To celebrate a half-century of love Saturday afternoon, you sometimes have to take a different route.

In a time of COVID-19 concerns as well as trying to keep plans under wraps, it means being creative.

That’s why, in honor of her parents, retired Army 1st Sgt. Dwight and Cathy Singleton, their daughter, Sonja Sanders planned a drive-thru, social distancing friendly party with the theme “A Two Piece and a Pepper Kind of Love.”

“A ‘Two Piece and a Pepper Kind of Love’ signifies our parents’ humble beginnings as a young couple, surviving and raising three children,” Sanders said. “Instilling in their children a love of Christ, a strong work ethic, being appreciative and satisfied for the little things you have. But always knowing that when times were hard, they had each other and God always had ‘a ram in the bush,’ in their case a piece of chicken.”

Dwight answered when asked if he was surprised about the day’s event:

“I don’t put no surprises by my oldest daughter,” he said. “But I am surprised.”

An almost overwhelmed Cathy indulged for about an hour with a GoogleMeet set up by the daughter. She said she talked with many friends and family from across the nation.

There’s a lot of love found in 50 years with this couple. A love for country, their children and for serving their community has permeated every minute of their time together.

It was a courtship begun in high school band, according to Cathy. She was in the marching band and when he wasn’t on the football field, he performed in the concert ensemble. Even after 50 years married and more together, she still looks at him as the handsome young man who swept her off her feet. But with the reality and humor of a lifetime as one.

“Yeah, with a little expansion on both of us,” she said. “Love can be blind at times.”

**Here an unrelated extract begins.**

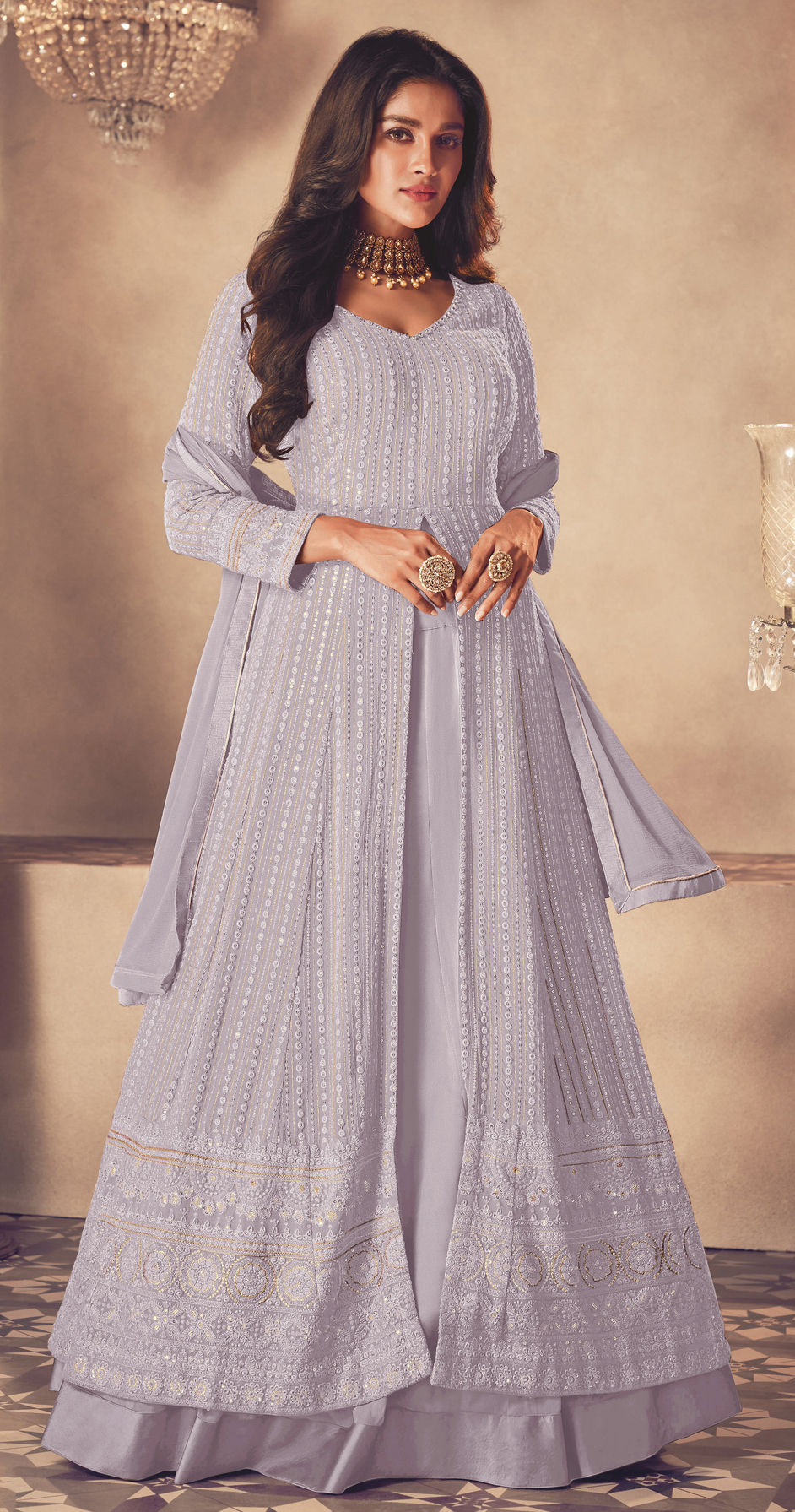 Purple and Violet color Long Lehenga Choli in Georgette fabric with Embroidered, Resham, Sequence, Thread work

The Singletons were married July 10, 1970, at the Wayne County Courthouse in Jesup, Ga. Following their marriage, the couple lived in Georgia, Germany and, finally, in Lawton. Along with their daughter, Sanders, the couple have a son, Elgin Singleton, who lives in Conyers, Ga., and another daughter, Tonjia Singleton, of Columbas, Ga.

After retiring from the Army on Sept. 1, 1990, Dwight made a career at the Good Year Tire and Rubber Plant. He serves as an Associate Minister at Galilee Missionary Baptist Church.

No stranger to service herself, Cathy retired as the Assistant Director of Fort Sill School Services on Sept. 30, 2010, after 25 years. She also served on the Lawton Parks and Recreation Commission for the City of Lawton from 1990 to 1994 and received the City of Lawton’s Citizenship Award in 2009.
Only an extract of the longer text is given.